Один из айсидов принес блюдо с двумя горками – коричневой и белой. Коричневой горкой оказались обжаренные в семенах и специях крылышки неизвестной птицы, от которых исходил горячий пар. Когда Франциск взял одно крылышко, айсид повернул блюдо другой стороной, что-то сказал на своем языке и настойчиво кивнул. Мальчик увидел, что это все те же крылышки, только почему-то белые. Он дотронулся до одного и едва слышно вскрикнул. Обжигающе холодное!

Франц засомневался, стоит ли это пробовать.

– Главный блюдо ай-сииди быть! – донесся до него трескучий голос, и мальчик поднял глаза.

С другой стороны костра на него смотрел Хоруто, не отводя прямого и сурового взгляда.

– Оно называться «Кари а Сото ни лаа».

– Кари… то…

Франц запнулся.

– Песнь Севера и Юга, – послышался певучий голос сзади.

Это подошел со своей свитой Северин.

Крылатые маа мигом обступили пустующие по левую сторону камни и кристаллы, обложенные циновками. Северин же, приветствовав Каликса тихой дружеской улыбкой, отказался прошествовать на отведенное ему место в центре и устроился рядом, совсем близко к Каликсу и близнецам, чему Франциск втайне порадовался: уж очень ему был симпатичен благородный и спокойный король маа.

– Советую попробовать, – шепнул Северин, и Франц все же решился.

Одну руку жгло раскаленным мясом, а другую – куском льда.

– Фу-Ранцу! – шепотом позвал кто-то.

Франц повернул голову и увидел, что ему неистово сигналил Ао. Привлекши внимание мальчика, айсид показал, как есть блюдо: откусил сначала от горячего крылышка, затем – от холодного и долго-долго жевал с прикрытыми от наслаждения глазами. Лицо айсида выражало невероятное удовольствие. Франц отважился последовать его примеру – и удивительное дело! – когда на языке оказалось два куска – один ледяной, второй раскаленный и невероятно острый от специй, он испытал весьма причудливые ощущения. Франциск не сразу проглотил, а какое-то время смаковал кусочки, наслаждаясь смесью противоположных температур и вкусов, и в итоге с удивлением отметил, что хочет немедленно попробовать еще!

Трапеза продолжалась. Хоруто и Северин перебрасывались фразами на айсидском, подданные королей разговаривали друг с другом, и в пещере висел низкий ровный гул – так гудят ледяные сосульки в древних пещерах.

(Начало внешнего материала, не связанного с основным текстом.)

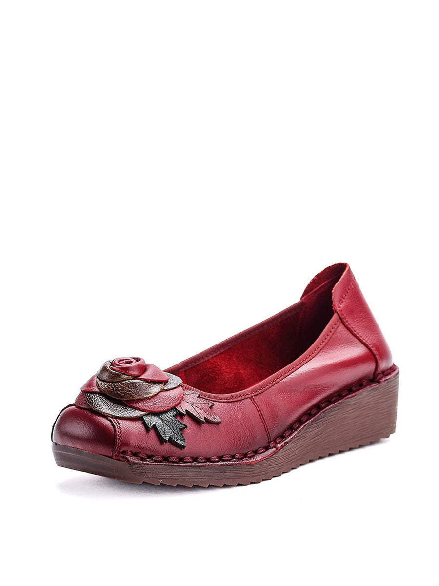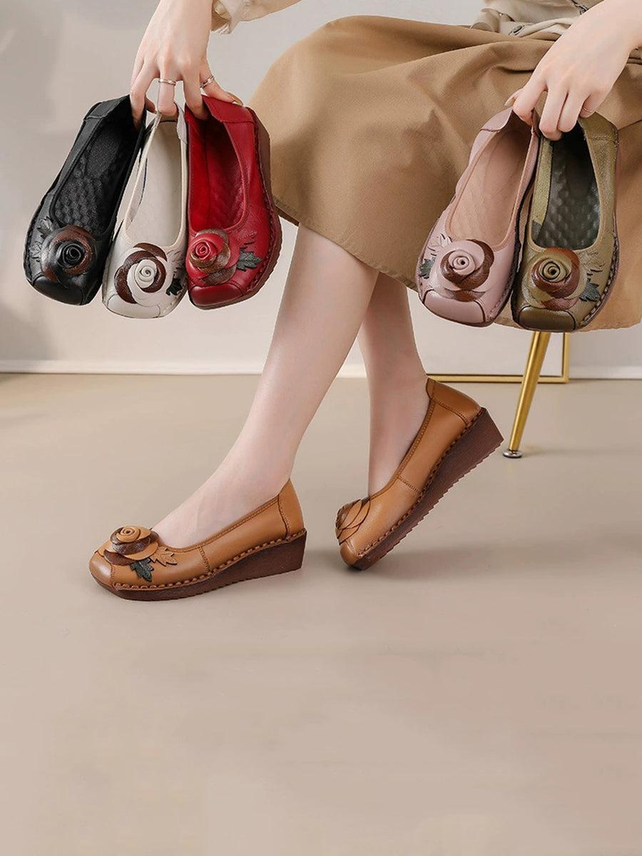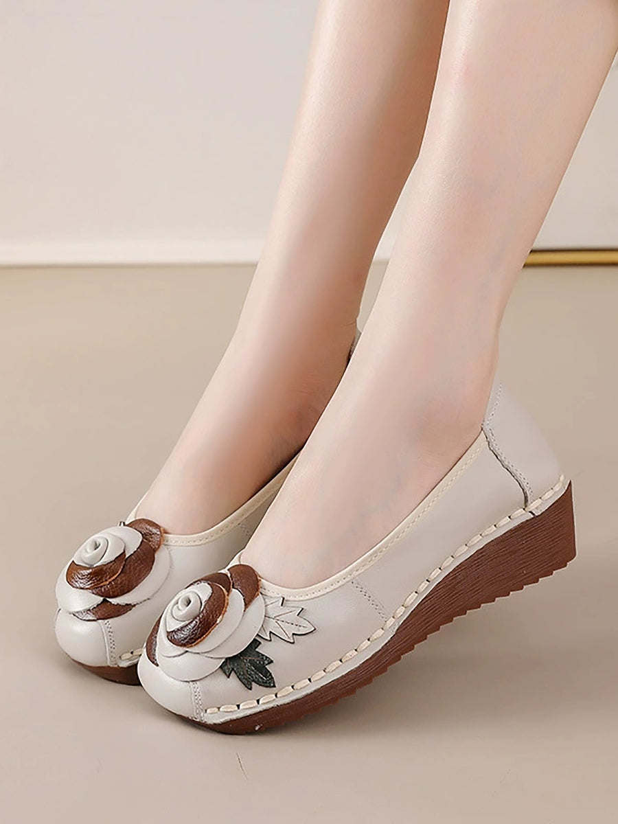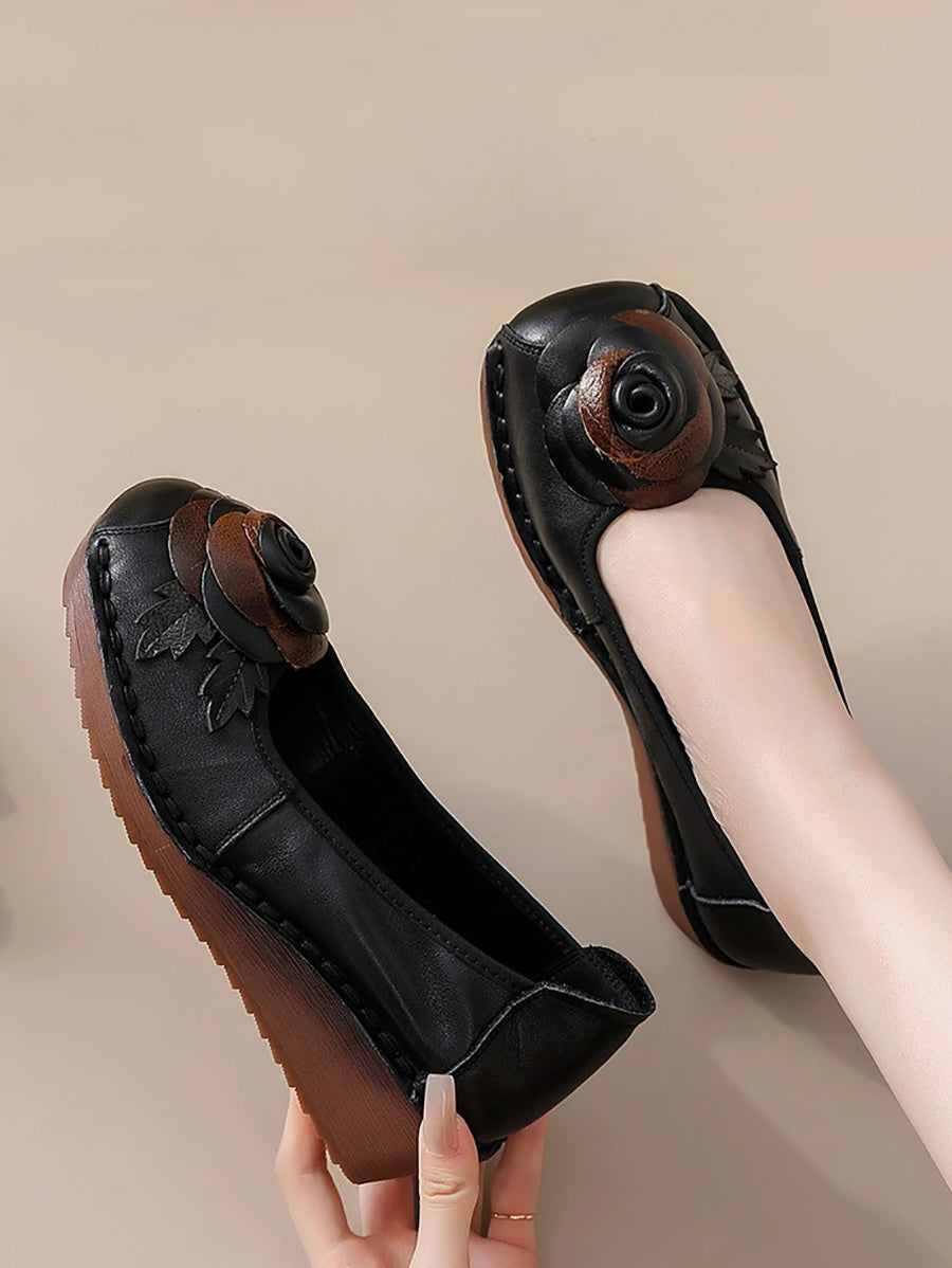 女士復古真皮花朵厚底鞋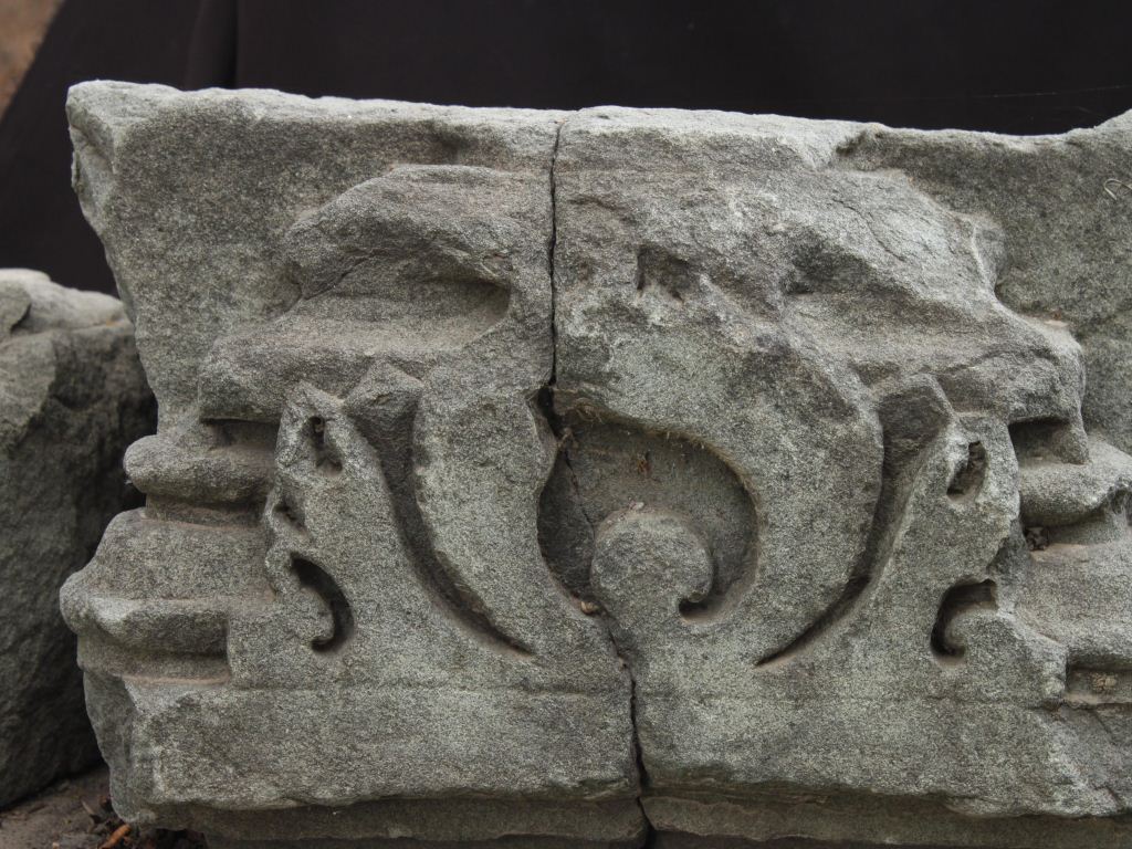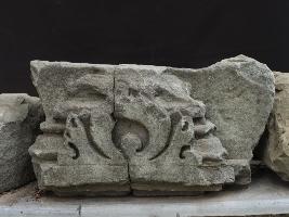 It is broken part of shikhara. Shikhara is the top portion of any temple. Front is decorated with deep and intricate designs. Vertically cracked in the middle. A long horizontal line is incised on the lower front portion.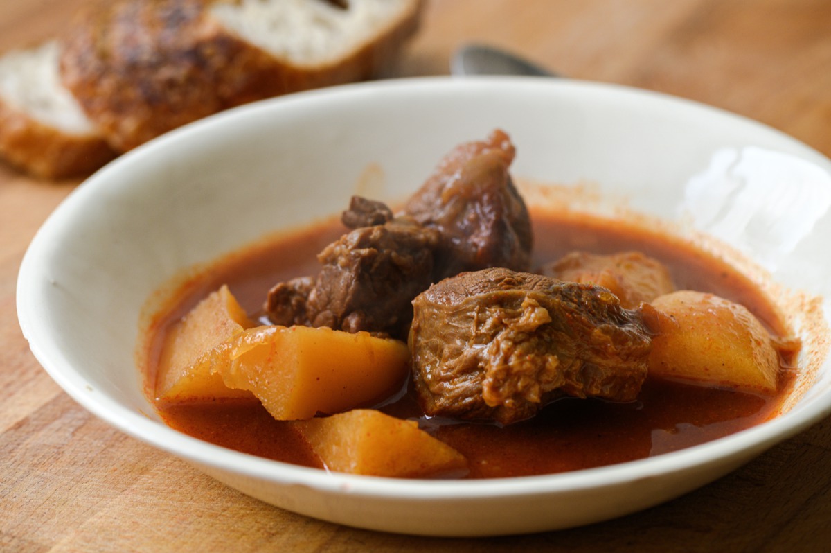 ברבע כוס שמן נטגן הבצל על להבה גבוהה עד הזהבה, נוסיף קוביות הבשר עד שישנו צבעם לאטום (כ-7-9 דק’), נוסיף פפריקה, רסק עגבניות ומלח, נערבב. נוסיף ליטר מים נערבב טוב טוב.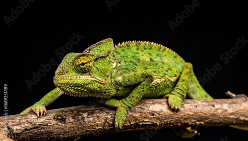 Fototapeta premium Green Chameleon on Branch: A Close-Up Study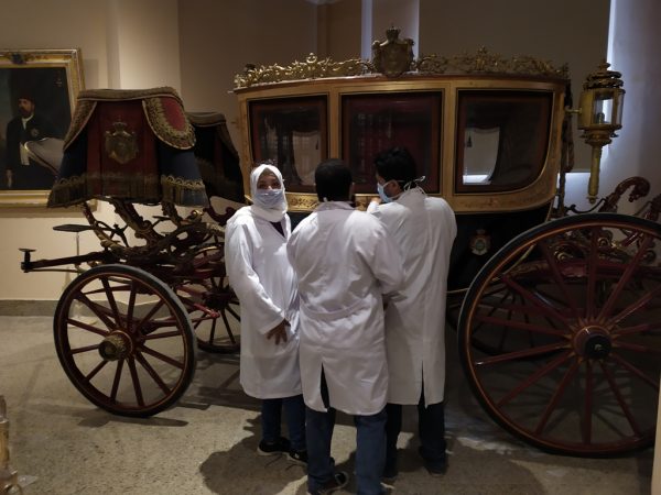 وكي نعرف قيمة العمل الذي قام به المرممون،نذكر بعضا من مقتنيات المتحف التي رصدناها أثناء جولتنا هناك،ومنها أكبر مجموعة نادرة من العربات الملكية واللوحات والصور النادرة للملك فاروق،ومجموعة صور نادرة للخيول ولوحات زيتية من عصر الأسرة العلوية.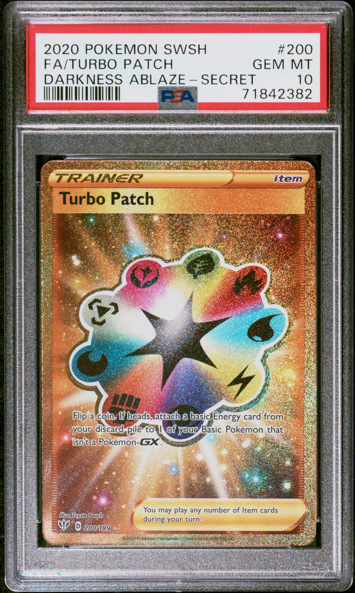 From its Secret Rare status to its PSA Gem Mint 10 grade, every aspect of this card has been designed to impress. Whether you're a seasoned collector or a new Pokemon enthusiast, this Turbo Patch card from the Sword & Shield series would make a brilliant addition to your collection. Just imagine the thrill of holding this piece of Pokemon history in your hands!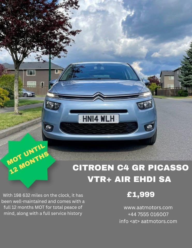 £1,999Vehicle Specifications Make & Model: Citroen C4 Grand Picasso VTR+ Air E-Hdi Engine: 1.6L (1560 cc) Diesel Transmission: Etg6 Auto with Start/Stop technology Performance: 91 BHP Euro Status: 5b Color & Body: Blue, Medium MPV (Multi-Purpose Vehicle) Registration History Registration Date: June 10, 2014 V5C Issue Date: September 23, 2025 Registered Location: Portsmouth / Hampshire and Dorset area Current Age: 11 years and 9 months Mileage & Condition Last Recorded MOT Mileage: 198,632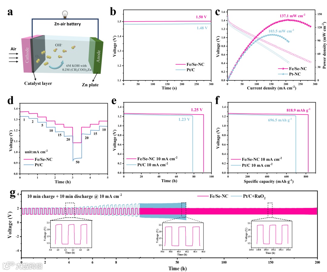 将 Fe/Se-NC 催化剂应用于实际 Mg–air和 Zn–air电池中,其电化学性能明显优于商业 Pt/C。具体表现为更高的开路电压、更大的峰值功率密度,在每个电流密度下Fe/Se-NC的输出电压均高于Pt/C,以及在长时间恒流放电测试中仍能保持较高且稳定的放电电压。以Fe/Se-NC为催化剂的镁空气和锌空气电池性能的增强源于其固有的催化活性和独特的结构特征。多孔结构同时扩大了电化学活性表面积,优化了空气阴极的固-液-气界面接触,显着增强了ORR动力学,同时确保了高效的质量传输和电荷转移。这种一体化结构设计最终提高了放电效率和运行稳定性,从而实现了出色的电池性能。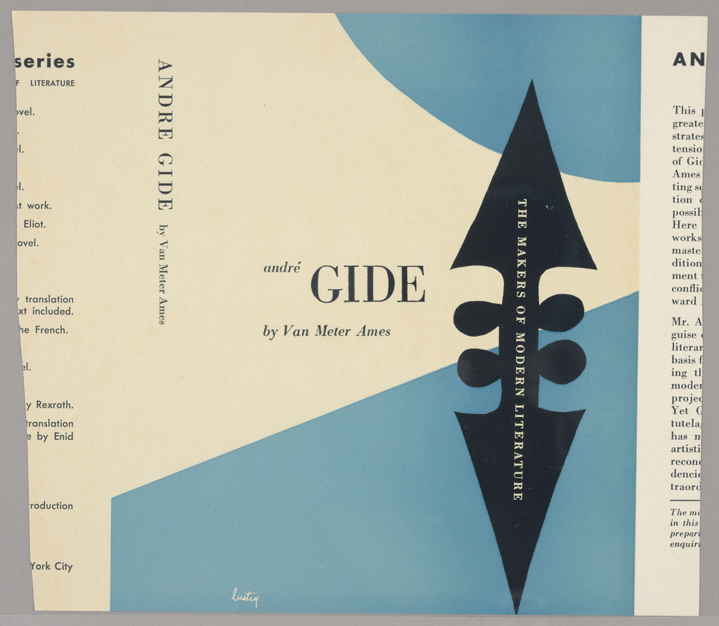 Book Cover, André Gide by Van Meter Ames; Graphic design by Alvin Lustig (American, 1915–1955); USA; offset lithograph on cream coated paper; 18.4 x 21.0 cm (7 1/4 x 8 1/4 in. ), irregular; Gift of Susan Lustig Peck; 2001-29-29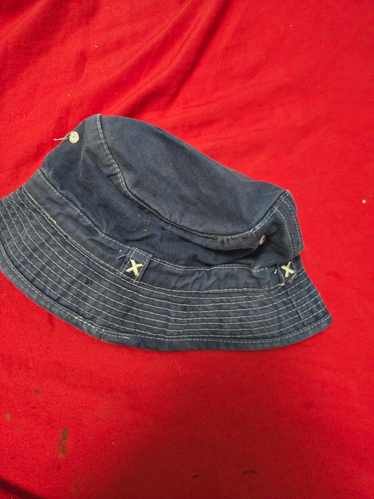 505Here's a cute blue bucket hat! It features a simple design with white 'X' details around the brim. Perfect for adding a bit of casual style to your outfit!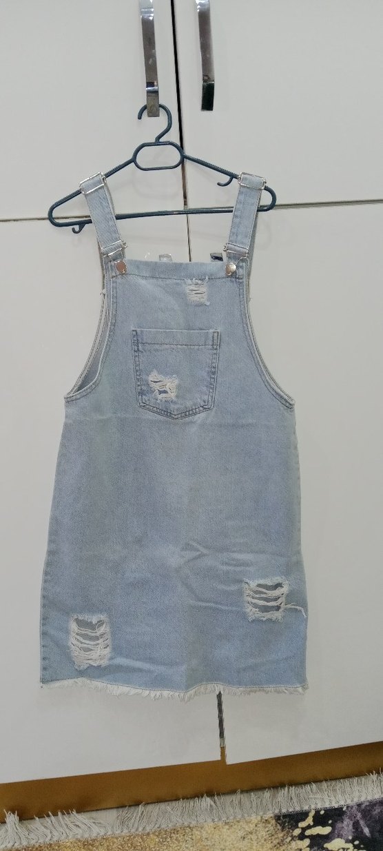 Bol kesim, askısız mavi denim kısa tulum elbise, tokalı askılar ve yırtık detaylarla. Günlük kullanım için rahat sokak stili.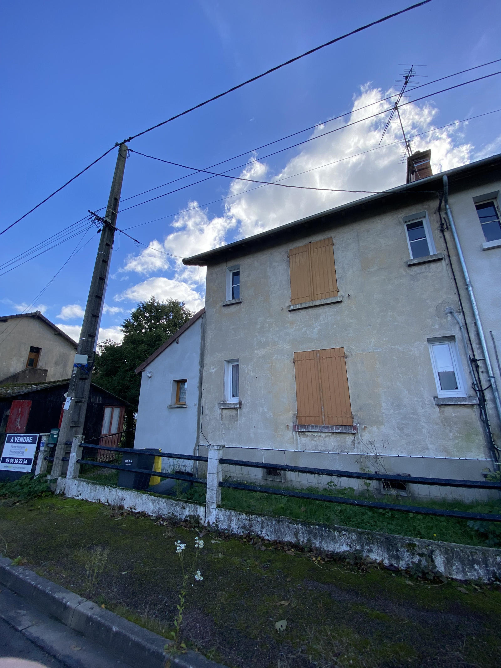L’habitation donne accès à un espace de stockage en sous-sol, une cave, ainsi qu’à un terrain (indivis) de 630 m².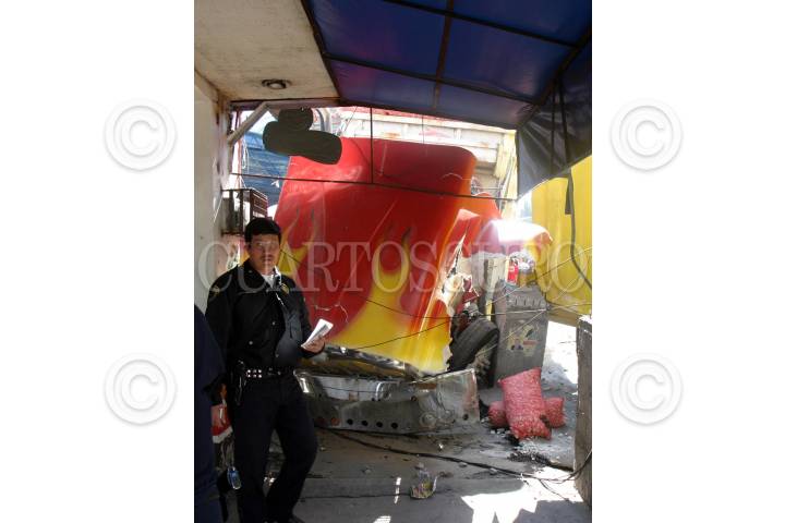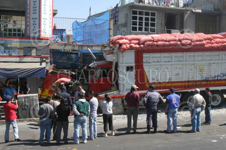 MEXICO D.F. 02MARZO2006.- Un camión cargado con varias toneladas de piedras se quedó sin frenos y se impactó contra ocho vehículos que estaban estacionados en eje 6 y la calle México en la colonia Santa Marias, Aztahuacan. FOTO: Pedro Marrufo/CUARTOSCURO.COM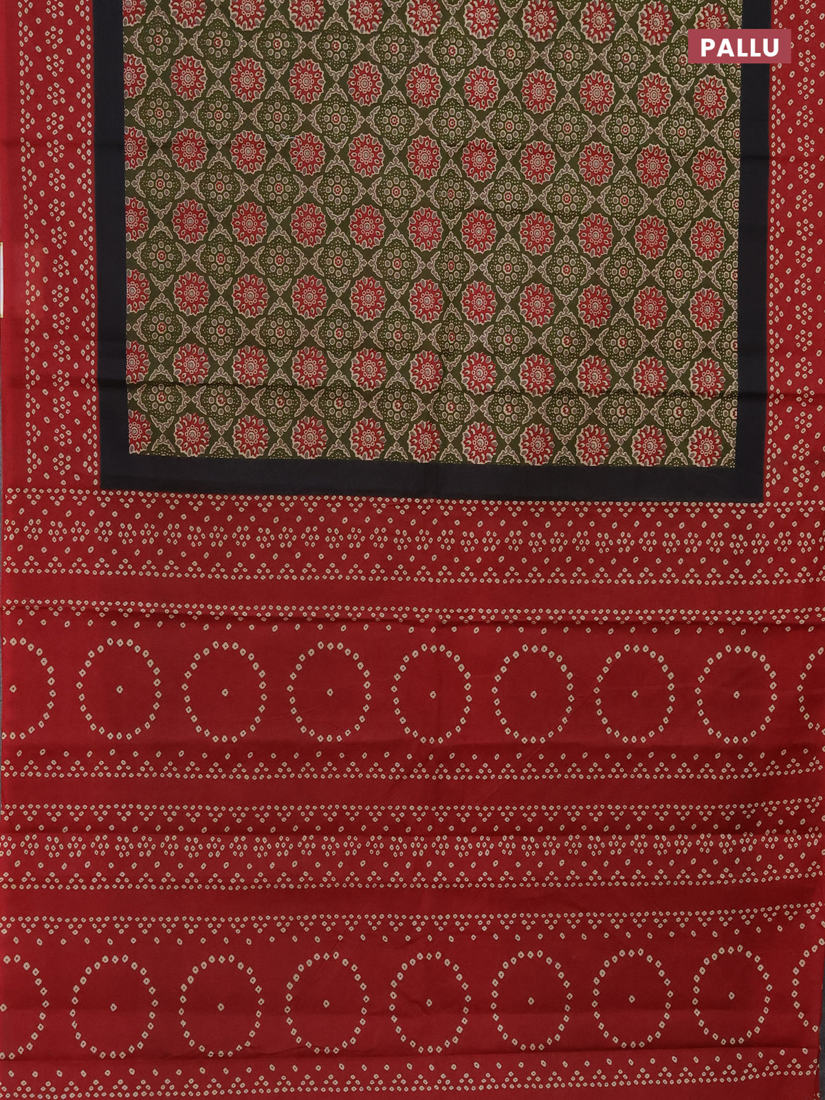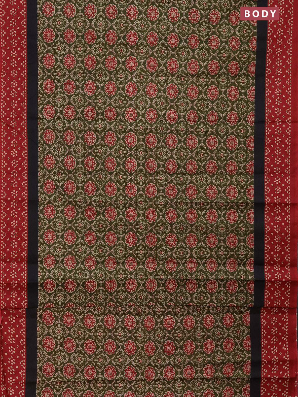 Muslin cotton saree green and maroon with allover ajrakh prints and printed border

– Мы приготовили для вас лодку, – наконец сказал Северин, обратившись к Каликсу и братьям.

– Лодку? – Франциск посмотрел на Каликса. – Мы поплывем?

Монстр уже утолил голод и теперь сидел, откинувшись на камень. Грудь его по-прежнему приподнималась и опускалась с трудом, но, кажется, монстру стало немного лучше от пищи и морозного питья айсидов.

– Здесь недалеко приток Ледяной реки делает поворот на север и дальше впадает в Лакримозу, – пояснил Калике. – По ней можно доплыть до Леса Бесчисленных Слез, куда, по-видимому, ведут вас Цветы Памяти… Если нет – мы где-нибудь свернем. Но я думаю, мои предположения верны.

– Лес Бесчисленных Слез… – послышался голос Филиппа. – Почему он так называется?

– У нас есть легенда, – отозвался Северин, – что в незапамятные времена в этом лесу жили прекрасные ледяные фейри. Их голоса были звоном хрусталя, а крылья – точно покрытые инеем лепестки белых лилий. Ледяные фейри обладали чудесным даром заставлять каждого, кто слышал их песнь, плакать. Да-да, из всех доступных разумным существам эмоций эти фейри больше всего любили грусть. Поэтому, когда в царстве айсидов случались похороны великих вождей, именно ледяных фейри звали сопровождать церемонии своей чудотворной музыкой.

Удивляетесь, отчего они избрали дар грусти вместо дара нести радость и улыбки? Слушайте дальше.

Когда в разгар погребальной церемонии в зал влетала стая ледяных фейри и наполняла воздух своими голосами, чистыми и светлыми, точно лучи рассветного солнца, от этих голосов вся грусть, что скопилась в сердцах айсидов и не могла выплеснуться, наконец-то находила выход. Внимая волшебному пению, каждый айсид давал волю слезам, и через слезы горе выходило.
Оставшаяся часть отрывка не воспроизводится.